## PROBLEM DESCRIPTION
Please give an exact printout of the records, without any pictures.

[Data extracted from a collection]
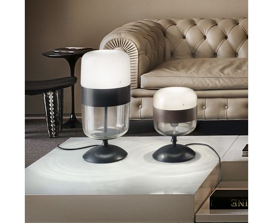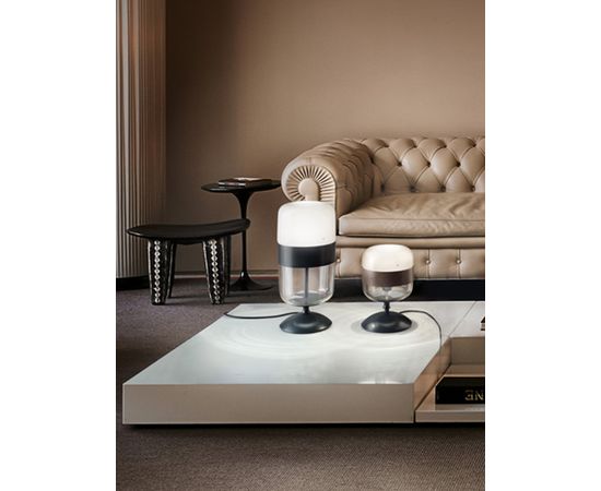 Коллекция подвесных светильников из выдувного стекла представлена в трех эксклюзивных цветах в сочетании с различными вариантами отделки металлическим кольцом. Стекло выдувается из одного целого, но особый процесс ручной работы делает цвет прозрачным в верхней части и рассеивателем в нижней части.
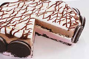 LINE 9-inch round pan with plastic wrap, with ends extending over side of pan. Stand 14 cookies around edge of pan. Crush remaining cookies. Reserve 1/2 cup crumbs for later use; sprinkle remaining crumbs onto bottom of pan. Spread strawberry ice cream over crumbs; top with 1 cup COOL WHIP and reserved crumbs. Cover with chocolate ice cream.
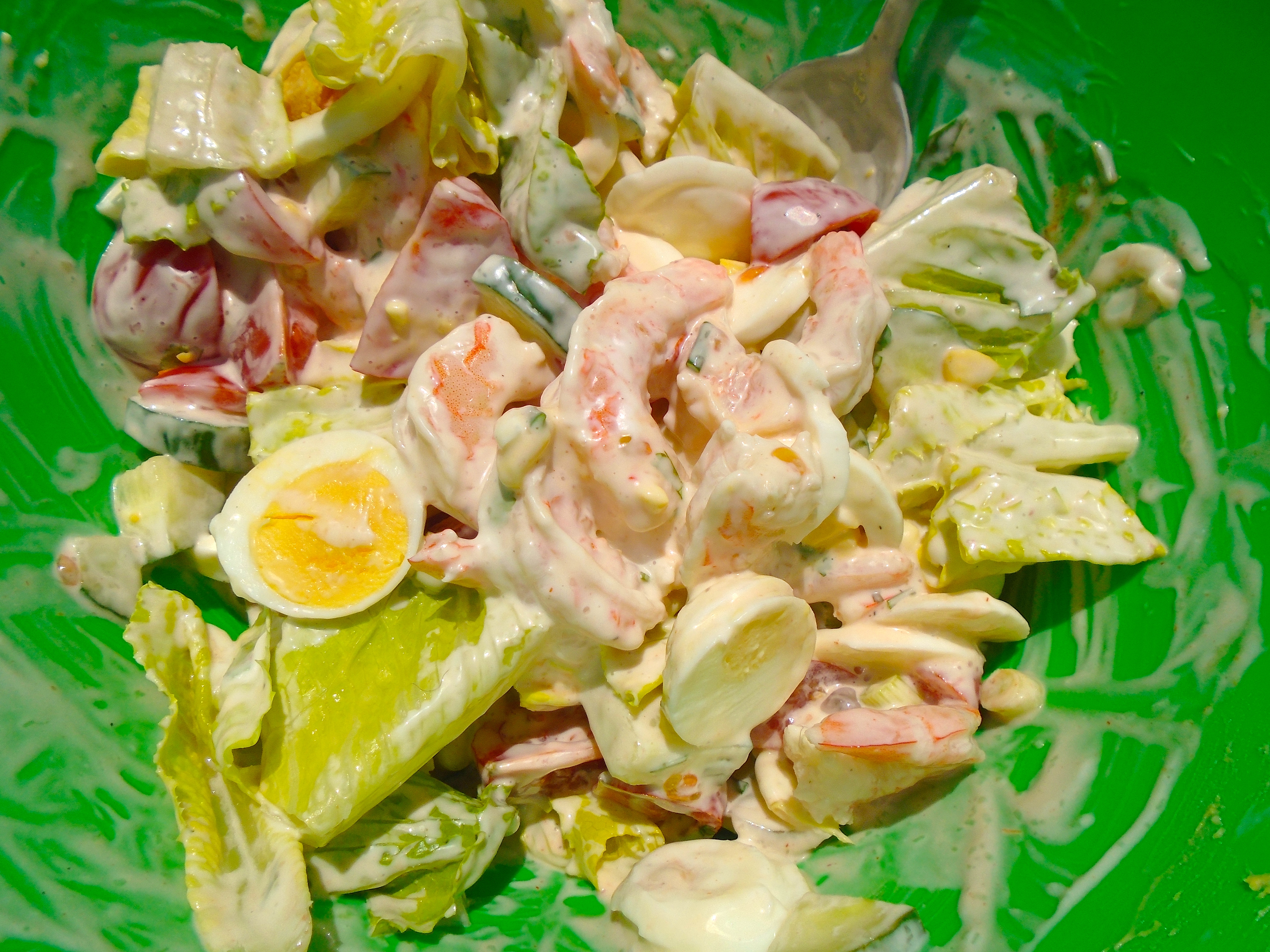 Shrimp & Vegetable Salad In Yogurt/Honey Dressing With Grilled Jalapeno/Garlic Bread ← Previous Next → add dressing to other salad-ingredients, mix carefully
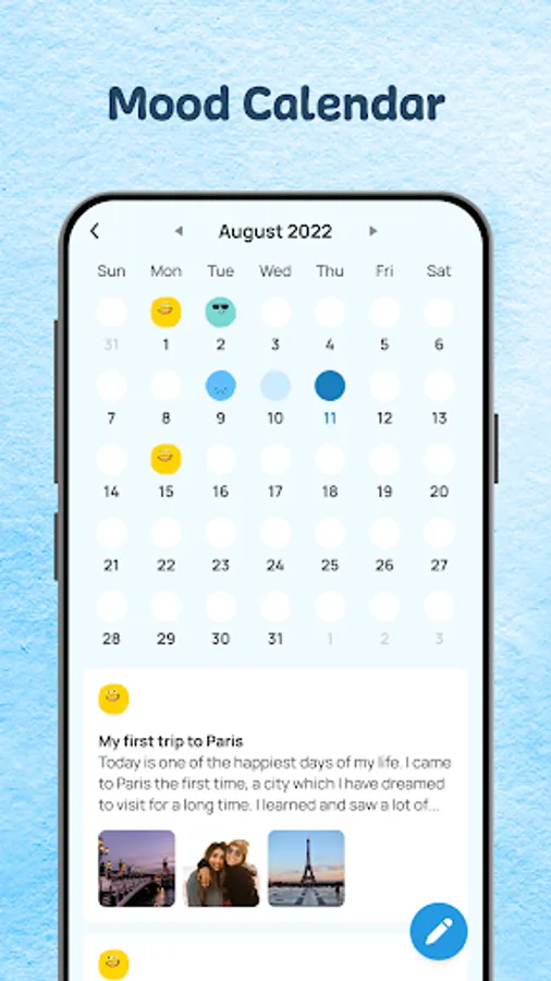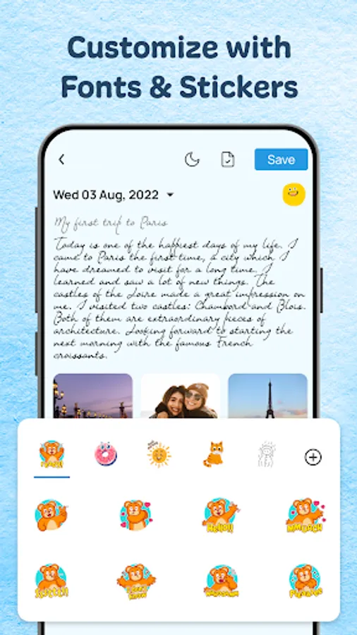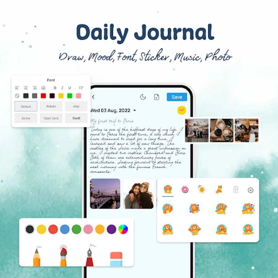 Create a daily diary with images, videos, and audio as attachments, or simply use stickers, mood or app themes, change the font, and so on.
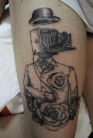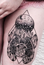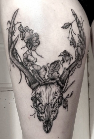 大腿花卉鹿头骨雕刻风格黑色纹身图案
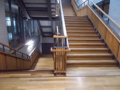 校舎中央にある、階段です。X状の面白い構造になっており、昇降が重なることなく一度に多くの生徒の移動ができます。
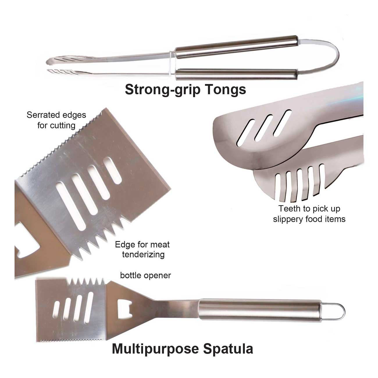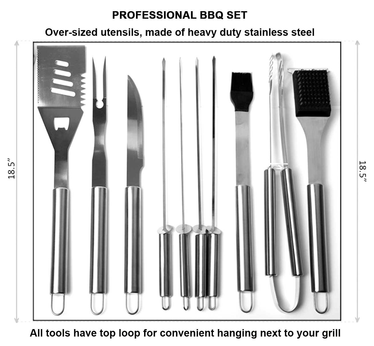 Utensils are made of restaurant quality heavy duty stainless steel and are dishwasher-safe. They will never rust or crack serving you in preparing amazing barbeque for the years to come. Make them remember your BBQ using the 10-piece utensil set, including:
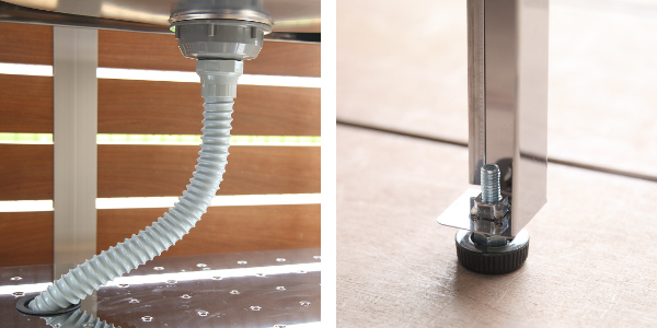 | 排水ホースもしっかり収納 棚板に排水ホースが通せる穴が開いているので、排水ホースがごちゃごちゃせずスッキリ収納出来ます。排水ホースは直径3.6cm、長さ80cmです。 | 高さを調整出来るアジャスター付き アジャスター付きで高さが約3cm微調整出来ますので、ガタつきにくくお好みの高さに合わせて頂けます。 |
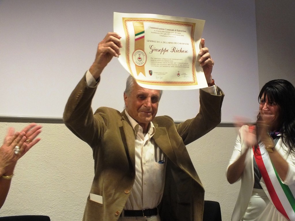 Domenica 30 agosto 2015, alle ore 17,00, nella sala consiliare del Comune di Balestrino, si è svolta la cerimonia di concessione della cittadinanza onoraria al generale C.A. Giuseppe Richero, per la sua brillante carriera militare e per il suo impegno nel sociale, sia per l’Associazione nazionale Carabinieri sia per la comunità di Balestrino.
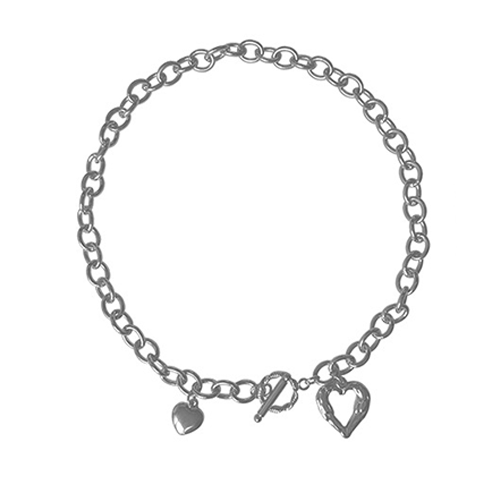 トグル式の留め具とダブルハートモチーフが大人女性の魅力を引き立てる
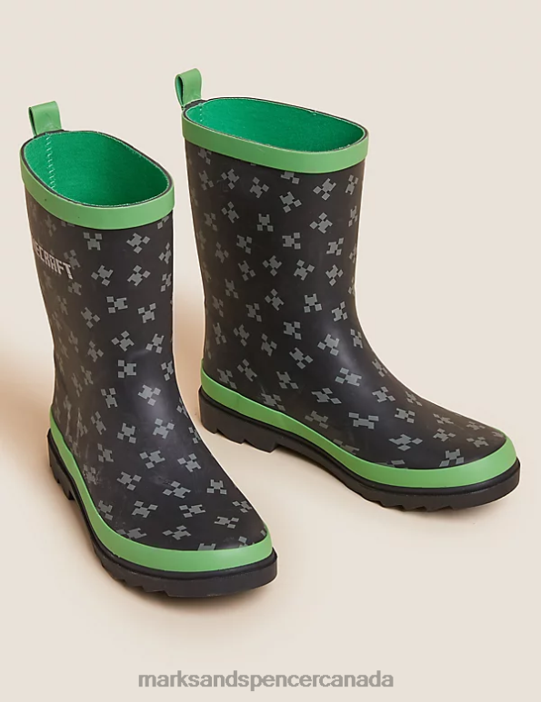 Marks and Spencer near me - Kids Black Mix Footwear Marks & Spencer Minecraft Wellies 20VTD8629
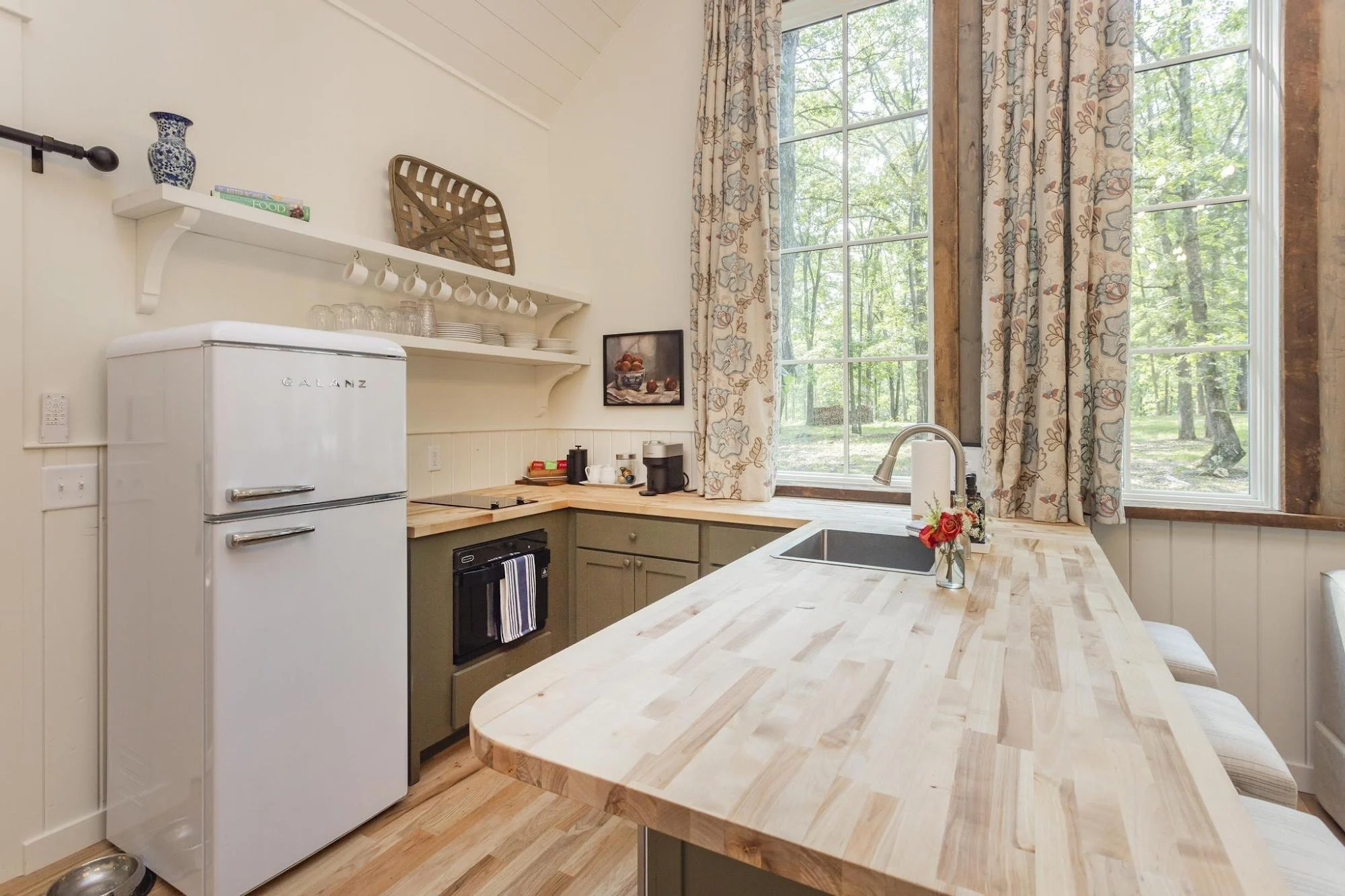 The Sharpshin Cottage offers the roomiest living space at Buckhorn Hollow. Here you will have plenty of seating for reading, relaxing, or breaking out the board games. The kitchen offers bar seating for quick bites in addition to a dining table for four if you’re in the mood for a more civilized meal. A queen bedroom with an en-suite bath on the first floor is great for early risers, while the second-floor ensuite king bedroom overlooking the treetops is a great fit for night owls. Sip your coffee on the mosquito-free screened porch while being wrapped entirely in foliage.
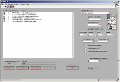 Prelucrarea se face astfel : - se acorda ponderi prin introducerea de valori numerice ( 0.100) īn casetele aferente criteriilor de evaluare. Casetele sunt etichetate cu numele "Corectitudine", "Disciplina", "Scop", "Durata" Observatie: Suma ponderilor trebuie sa fie 100. - se ia pe rānd fiecare manevra (se pozitioneaza cursorul mouse-lui pe ea) si i se stabileste tipul ("Deosebit de Importanta"," Importanta" sau "Neimportanta din punct de vedere al succesiunii" īn partea dreapta a ferestrei, prin clic de mouse pe cercul din stānga textului. se acorda un punctaj fiecarei manevre tinānd cont de importanta acesteia se stabileste nr. punctelor cu care se face depunctarea pentru manevrele neimportante īn succesiune care sunt executate īn plus sau īn minus de operatorul cursant se stabileste timpul maxim alocat temei de instruire . Dupa prelucrarea foii de manevre instructorul salveaza datele prin actionarea cu mouse-ul a butonului SALVARE FMS Salvarea se face īn subdirectorul FMS, fisierul avānd extensia *.fms (ex. Foaie1.fms).
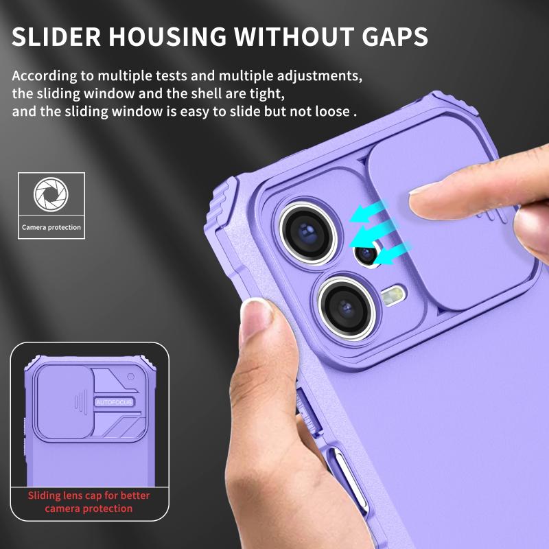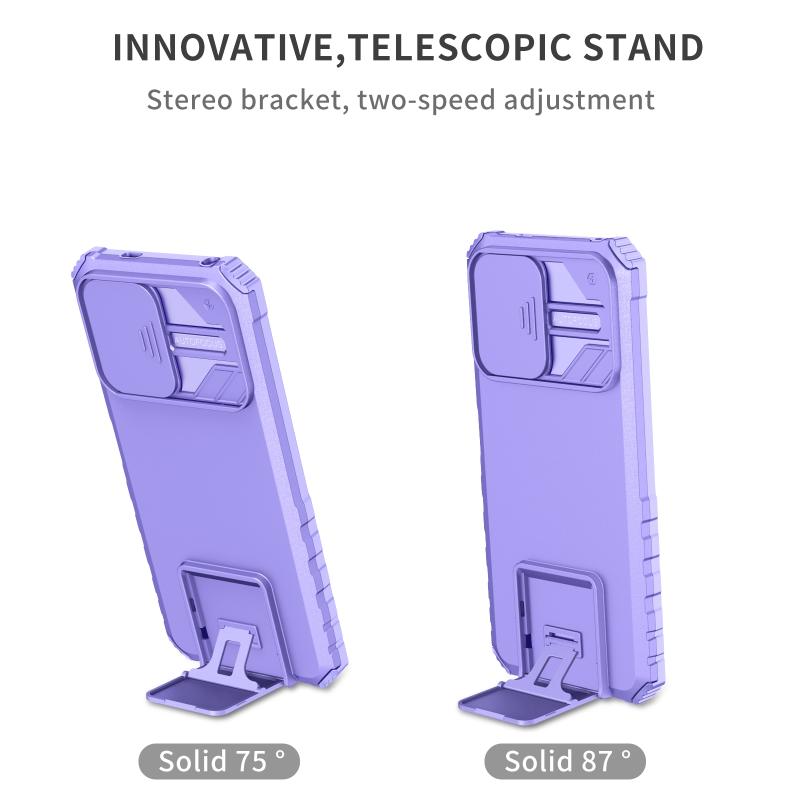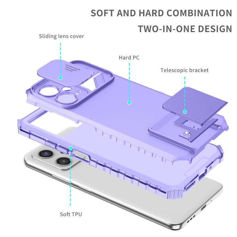 Θήκη κινητού τηλεφώνου με στερεοσκοπικό στήριγμα και συρόμενο προστατευτικό κάμερας για Xiaomi Redmi Note 12 5G / Poco X5 (Μωβ)
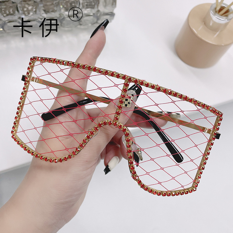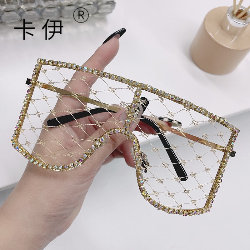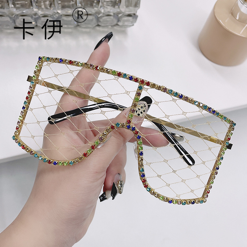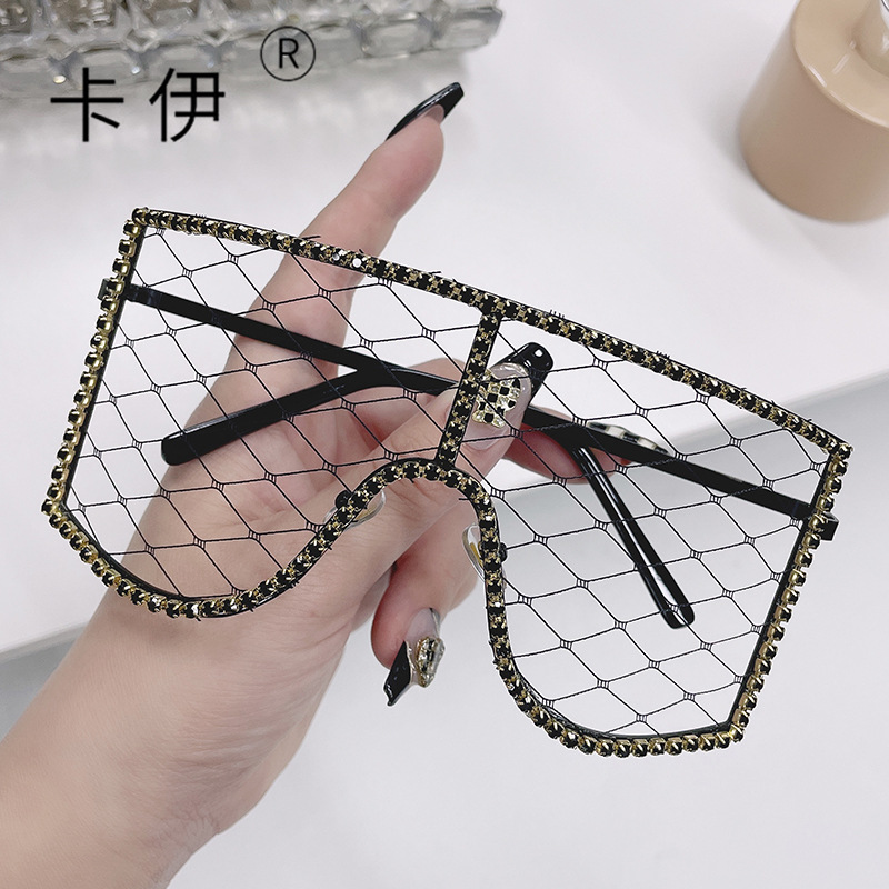 DIY 메쉬 세련된 안경 유럽과 미국 여성 파티 볼 다이아몬드 박힌 선글라스 Tiktok 라이브 장식 안경스토어 가기

## TASK SOLUTION
 Коллекция подвесных светильников из выдувного стекла представлена в трех эксклюзивных цветах в сочетании с различными вариантами отделки металлическим кольцом. Стекло выдувается из одного целого, но особый процесс ручной работы делает цвет прозрачным в верхней части и рассеивателем в нижней части.
 LINE 9-inch round pan with plastic wrap, with ends extending over side of pan. Stand 14 cookies around edge of pan. Crush remaining cookies. Reserve 1/2 cup crumbs for later use; sprinkle remaining crumbs onto bottom of pan. Spread strawberry ice cream over crumbs; top with 1 cup COOL WHIP and reserved crumbs. Cover with chocolate ice cream.
 Shrimp & Vegetable Salad In Yogurt/Honey Dressing With Grilled Jalapeno/Garlic Bread ← Previous Next → add dressing to other salad-ingredients, mix carefully
 Create a daily diary with images, videos, and audio as attachments, or simply use stickers, mood or app themes, change the font, and so on.
 大腿花卉鹿头骨雕刻风格黑色纹身图案
 校舎中央にある、階段です。X状の面白い構造になっており、昇降が重なることなく一度に多くの生徒の移動ができます。
 Utensils are made of restaurant quality heavy duty stainless steel and are dishwasher-safe. They will never rust or crack serving you in preparing amazing barbeque for the years to come. Make them remember your BBQ using the 10-piece utensil set, including:
 | 排水ホースもしっかり収納 棚板に排水ホースが通せる穴が開いているので、排水ホースがごちゃごちゃせずスッキリ収納出来ます。排水ホースは直径3.6cm、長さ80cmです。 | 高さを調整出来るアジャスター付き アジャスター付きで高さが約3cm微調整出来ますので、ガタつきにくくお好みの高さに合わせて頂けます。 |
 Domenica 30 agosto 2015, alle ore 17,00, nella sala consiliare del Comune di Balestrino, si è svolta la cerimonia di concessione della cittadinanza onoraria al generale C.A. Giuseppe Richero, per la sua brillante carriera militare e per il suo impegno nel sociale, sia per l’Associazione nazionale Carabinieri sia per la comunità di Balestrino.
 トグル式の留め具とダブルハートモチーフが大人女性の魅力を引き立てる
 Marks and Spencer near me - Kids Black Mix Footwear Marks & Spencer Minecraft Wellies 20VTD8629
 The Sharpshin Cottage offers the roomiest living space at Buckhorn Hollow. Here you will have plenty of seating for reading, relaxing, or breaking out the board games. The kitchen offers bar seating for quick bites in addition to a dining table for four if you’re in the mood for a more civilized meal. A queen bedroom with an en-suite bath on the first floor is great for early risers, while the second-floor ensuite king bedroom overlooking the treetops is a great fit for night owls. Sip your coffee on the mosquito-free screened porch while being wrapped entirely in foliage.
 Prelucrarea se face astfel : - se acorda ponderi prin introducerea de valori numerice ( 0.100) īn casetele aferente criteriilor de evaluare. Casetele sunt etichetate cu numele "Corectitudine", "Disciplina", "Scop", "Durata" Observatie: Suma ponderilor trebuie sa fie 100. - se ia pe rānd fiecare manevra (se pozitioneaza cursorul mouse-lui pe ea) si i se stabileste tipul ("Deosebit de Importanta"," Importanta" sau "Neimportanta din punct de vedere al succesiunii" īn partea dreapta a ferestrei, prin clic de mouse pe cercul din stānga textului. se acorda un punctaj fiecarei manevre tinānd cont de importanta acesteia se stabileste nr. punctelor cu care se face depunctarea pentru manevrele neimportante īn succesiune care sunt executate īn plus sau īn minus de operatorul cursant se stabileste timpul maxim alocat temei de instruire . Dupa prelucrarea foii de manevre instructorul salveaza datele prin actionarea cu mouse-ul a butonului SALVARE FMS Salvarea se face īn subdirectorul FMS, fisierul avānd extensia *.fms (ex. Foaie1.fms).
 Θήκη κινητού τηλεφώνου με στερεοσκοπικό στήριγμα και συρόμενο προστατευτικό κάμερας για Xiaomi Redmi Note 12 5G / Poco X5 (Μωβ)
 DIY 메쉬 세련된 안경 유럽과 미국 여성 파티 볼 다이아몬드 박힌 선글라스 Tiktok 라이브 장식 안경스토어 가기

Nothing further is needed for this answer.